The Genevan wealth manager's second-in-command of private banking is departing this week, finews.com has learned.

Martin Liebi is exiting Edmond de Rothschild, where he has been deputy CEO of private banking and the head of Switzerland for nearly five years, according to a memo seen by finews.com on Monday. Liebi (pictured below) is a well-known former top executive at Notenstein, a private bank now fused with Vontobel.

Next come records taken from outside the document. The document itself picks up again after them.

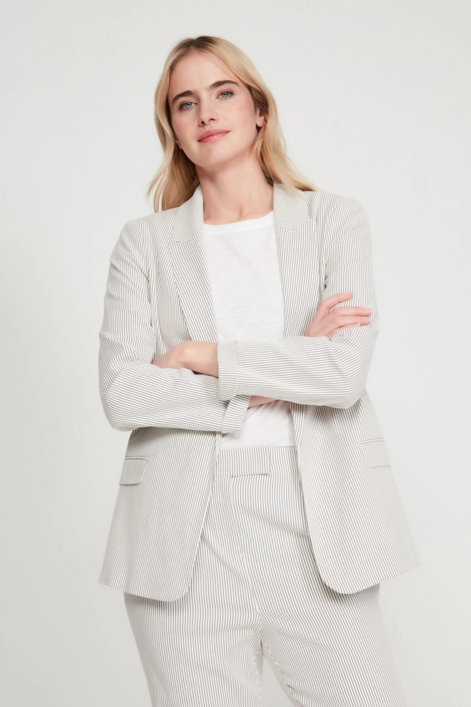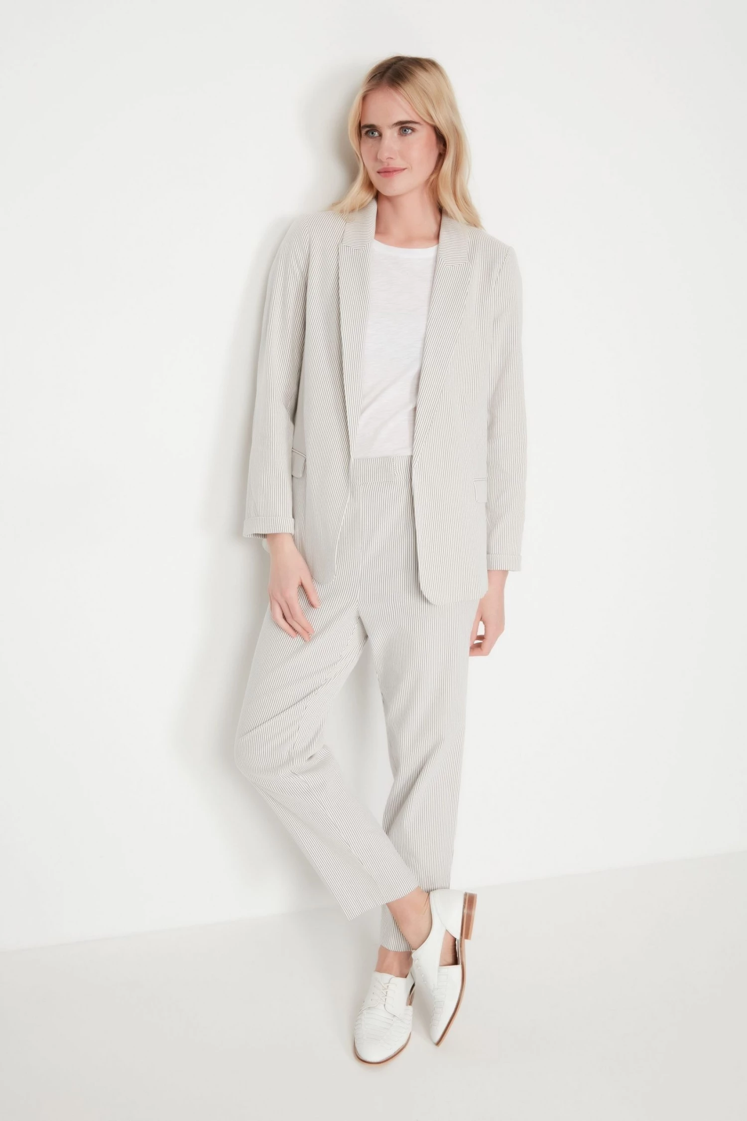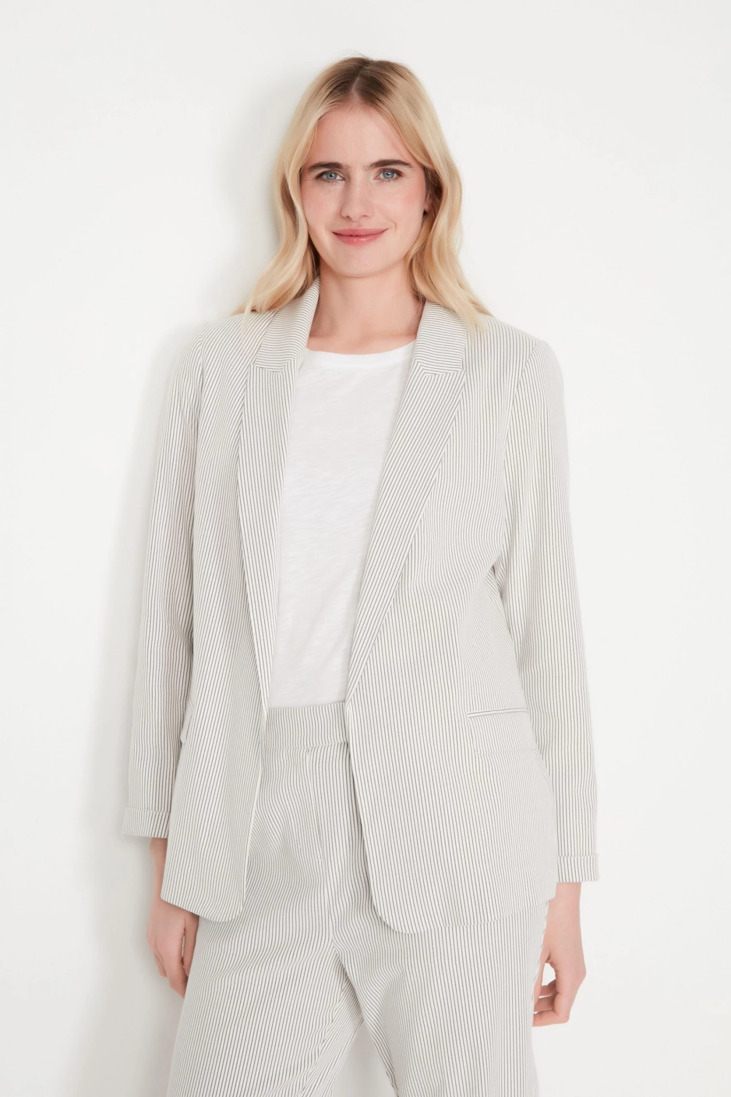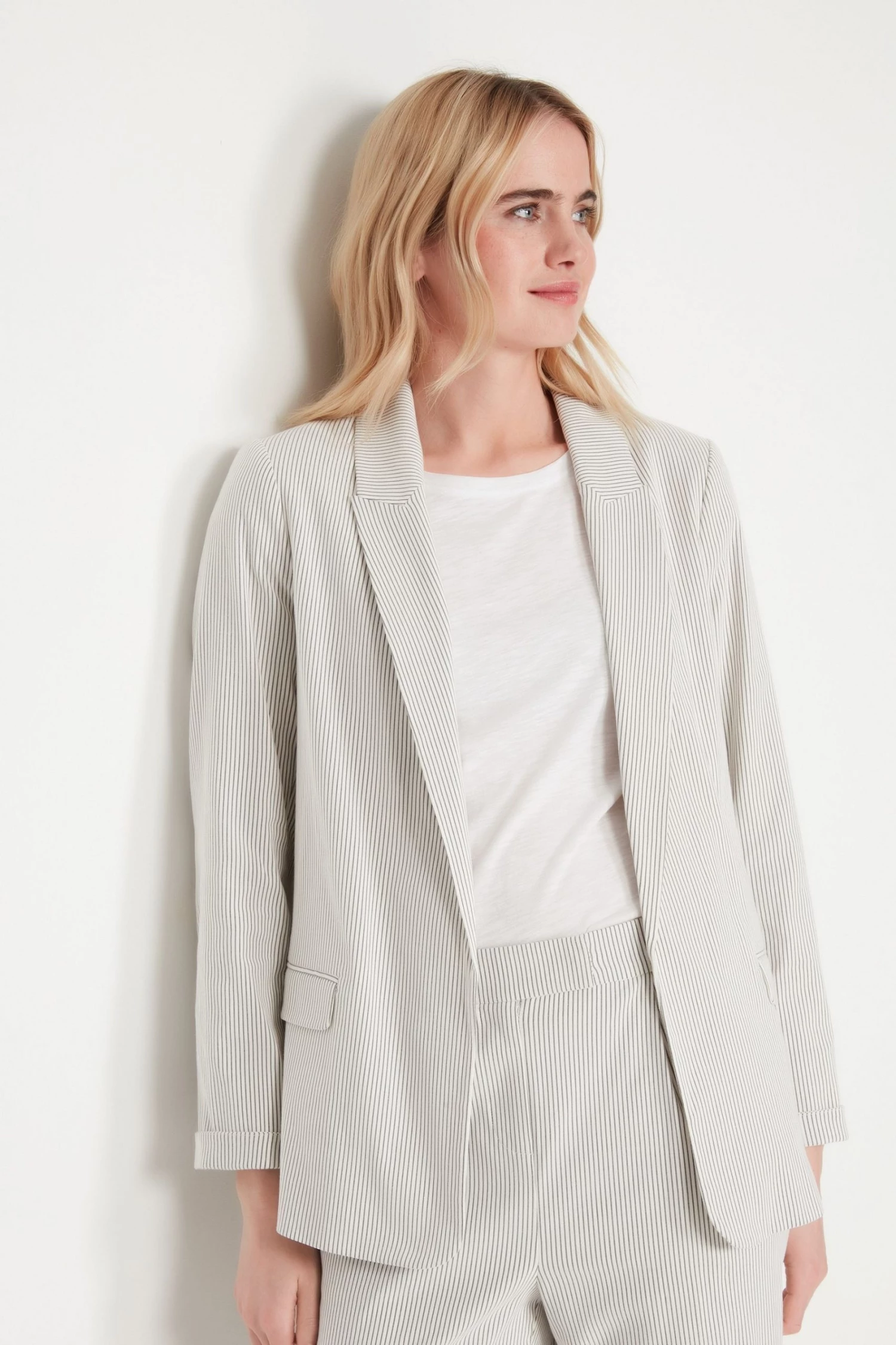 M&Co Cream Striped Blazer Jacket
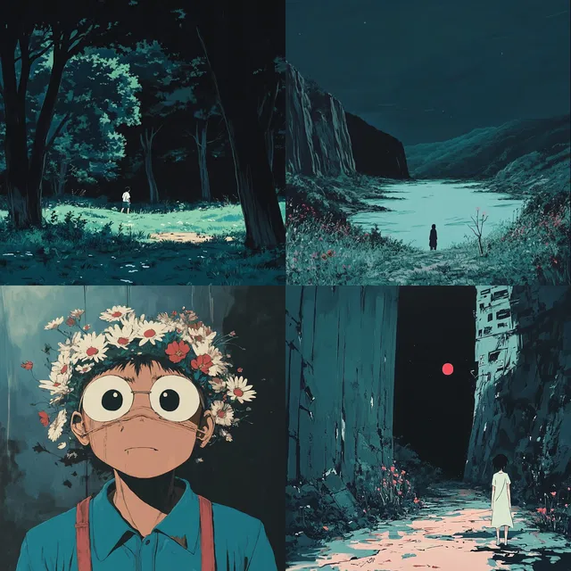 Использование приглушённых тонов и чётких контуров создаёт выразительный визуальный язык, в котором сочетаются элементы аниме и живописные приёмы. Этот стиль отличается способностью передавать эмоциональную глубину и насыщенность повествования. Часто применяются динамичные композиции и выразительные персонажи.
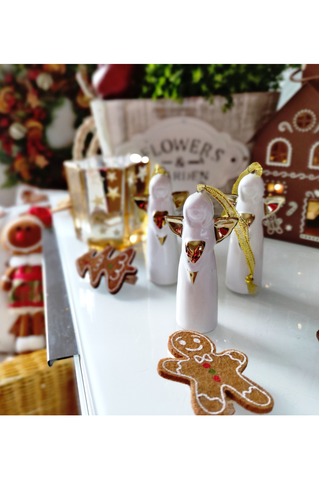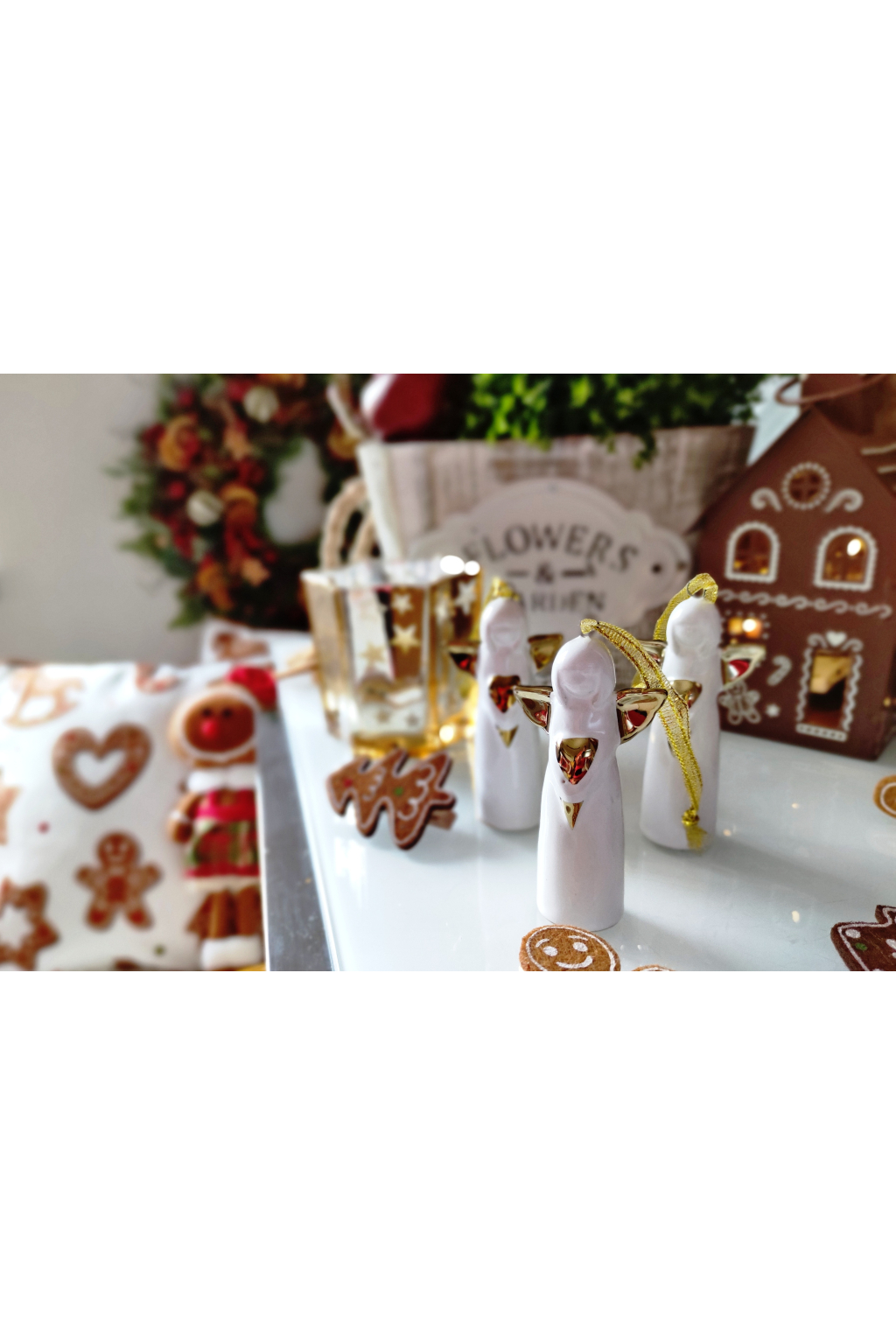 Set tří kusů něžných andílků ve světle bílé barvě se zlatou šňůrkou nesoucí v sobě poselství lásky a ochrany díky zlatému srdíčku, které svírá v náruči jako dar světla.
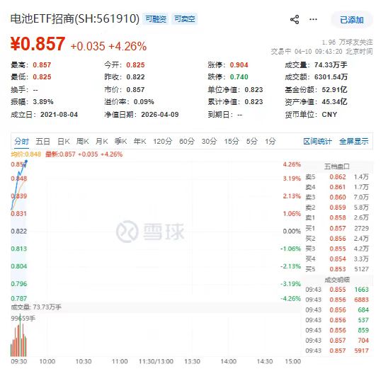 4月10日早盘,新能源板块强势爆发。截至9时45分,电池ETF招商(561910)放量大涨4.50%,权重股集体飙升——阳光电源大涨6.15%,宁德时代涨3.47%,三花智控涨1.92%,市场做多情
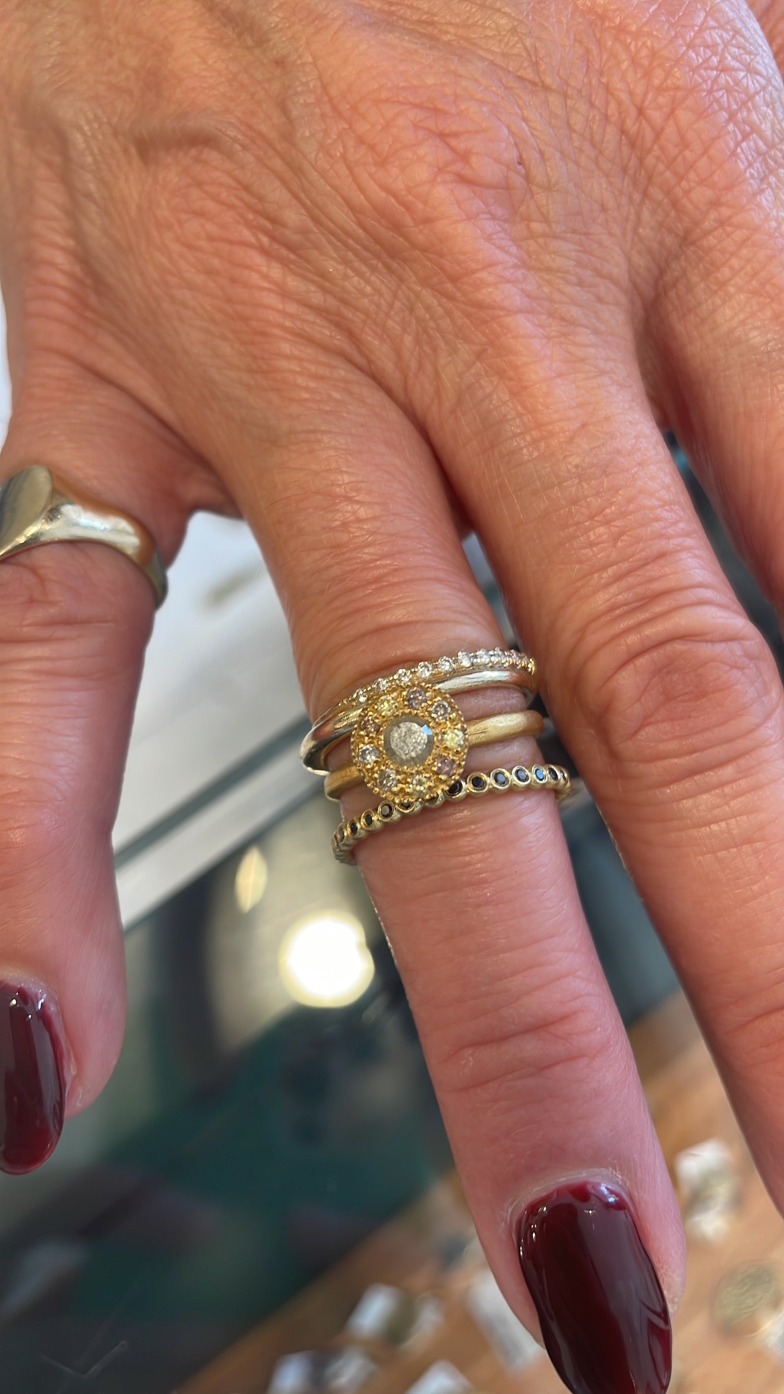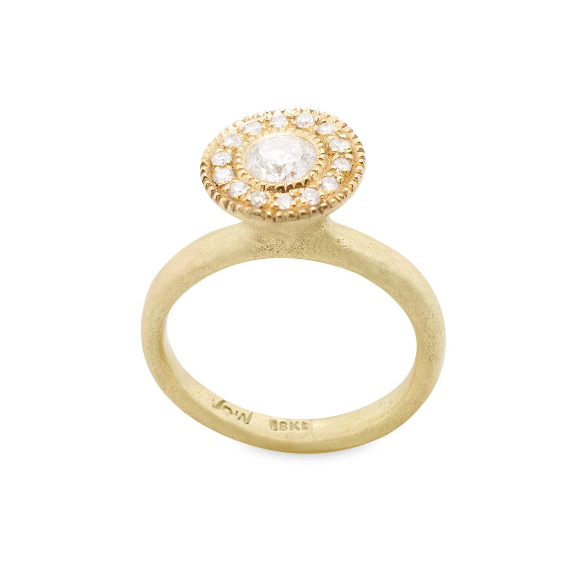 טבעת עם יהלום יחיד ומסביבו יהלומים קטנים יותר, שילוב היוצר טבעת קלאסית וייחודית
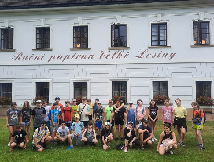 V pondělí jsme si vyšlápli na rozhlednu na Bukovém kopci a seznámili se s místní pověstí z doby 30 leté války. V úterý jsme navštívili zámek Velké Losiny a zjistili, že majiteli panství byli Žerotínové a to nám připomnělo náš novojičínský Žerotínský zámek. Další den jsme našli poučení o ruční výrobě papíru a Tonda Bezděk následně vše shrnul ve výborném referátě. Čtvrteční horko jsme pak trávili koupáním a jízdou na tobogánu v termálech Velké Losiny.
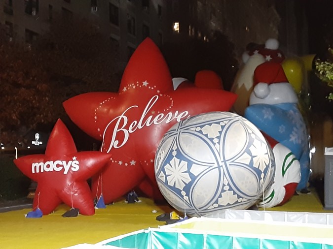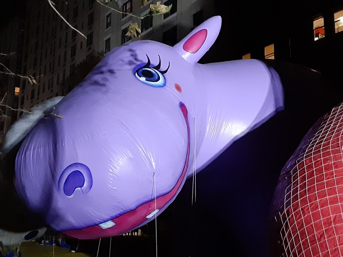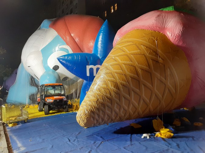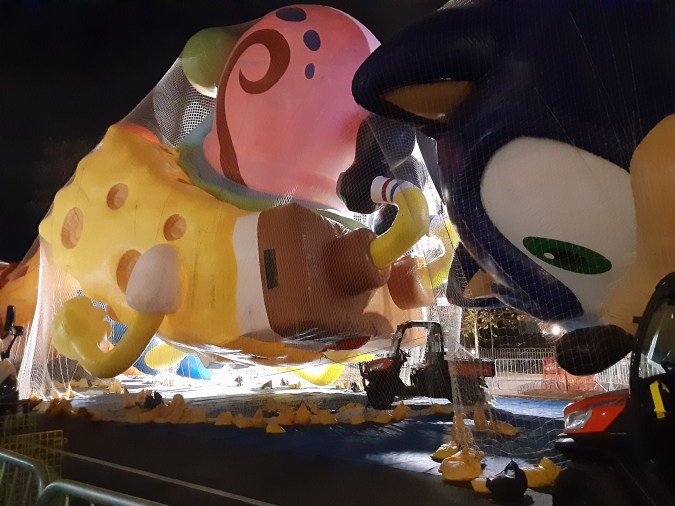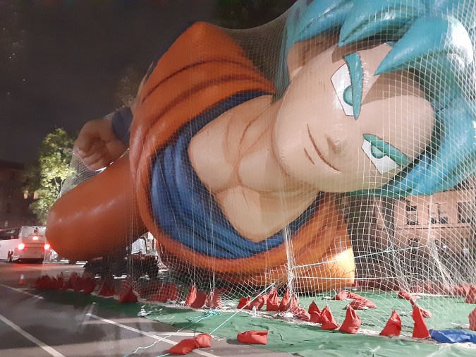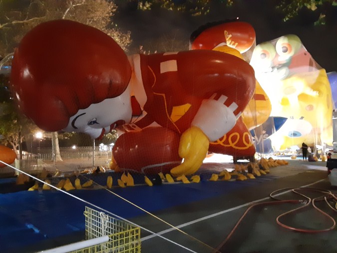 A pocas horas de que comience el famoso desfile Macy's del Día de Acción de Gracias, el inflado de los globos gigantes de helio anoche fue un espectáculo en sí mismo en el Upper West Side
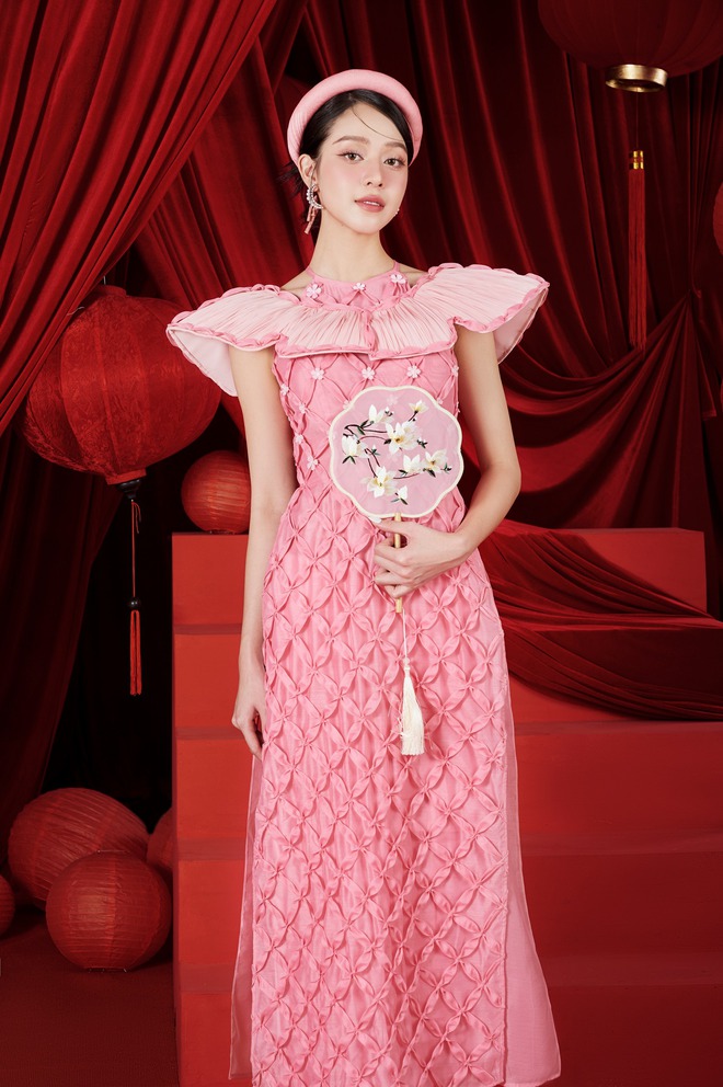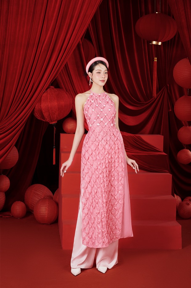 Bộ áo dài với gam màu hồng phấn của hoa đào, điểm xuyết chi tiết hoa nhỏ xinh ngọt ngào, lấp ló đôi xương quay xanh gợi cảm. Chất liệu dày dặn đứng dáng để ngay cả các nàng không mấy tự tin với vòng 2 của mình, diện lên vẫn thanh thoát, mảnh mai vô cùng.

The memo, signed by Rothschild's new CEO François Pauly, doesn't disclose specific reasons. A spokeswoman confirmed Liebi's exit, which she said is in order for him «to pursue new projects». It isn't clear where Liebi is headed.

Rothschild «Not For Sale»

Rothschild has been through a series of changes this year, most notably the death of majority owner Benjamin de Rothschild in January. His widow, Ariane de Rothschild, took over, and quickly telegraphed that the 68-year-old Swiss bank is not for sale and in fact is on the hunt for acquisitions of its own.

Martin Liebi

Consolidation is a hot issue in Switzerland's wealth management industry, where last year Banque Pâris Bertrand Sturdza sold to Zurich-based Rothschild & Co and Banque Reyl partnered with Intesa Sanpaolo.

Instead, Ariane de Rothschild said Edmond de Rothschild wants double its client assets in the coming five years to 350 billion Swiss francs ($383 billion). She also enlisted former Amundi boss Yves Perrier to join the board of Rothschild’s holding as well as that of its Swiss-based bank.

Asset Management Vs Private Banking

The departure of Liebi, who didn't respond to a request for comment, is a setback to those efforts. Michel Longhini, Edmond de Rothschild's overall head of private banking, will take over Liebi's responsibilities as of September 9, according to the memo, which is signed by Pauly. 

Roughly 40 percent of Edmond de Rothschild's assets sit in a private banking arm – the remainder is asset management money. The bank went private early last year.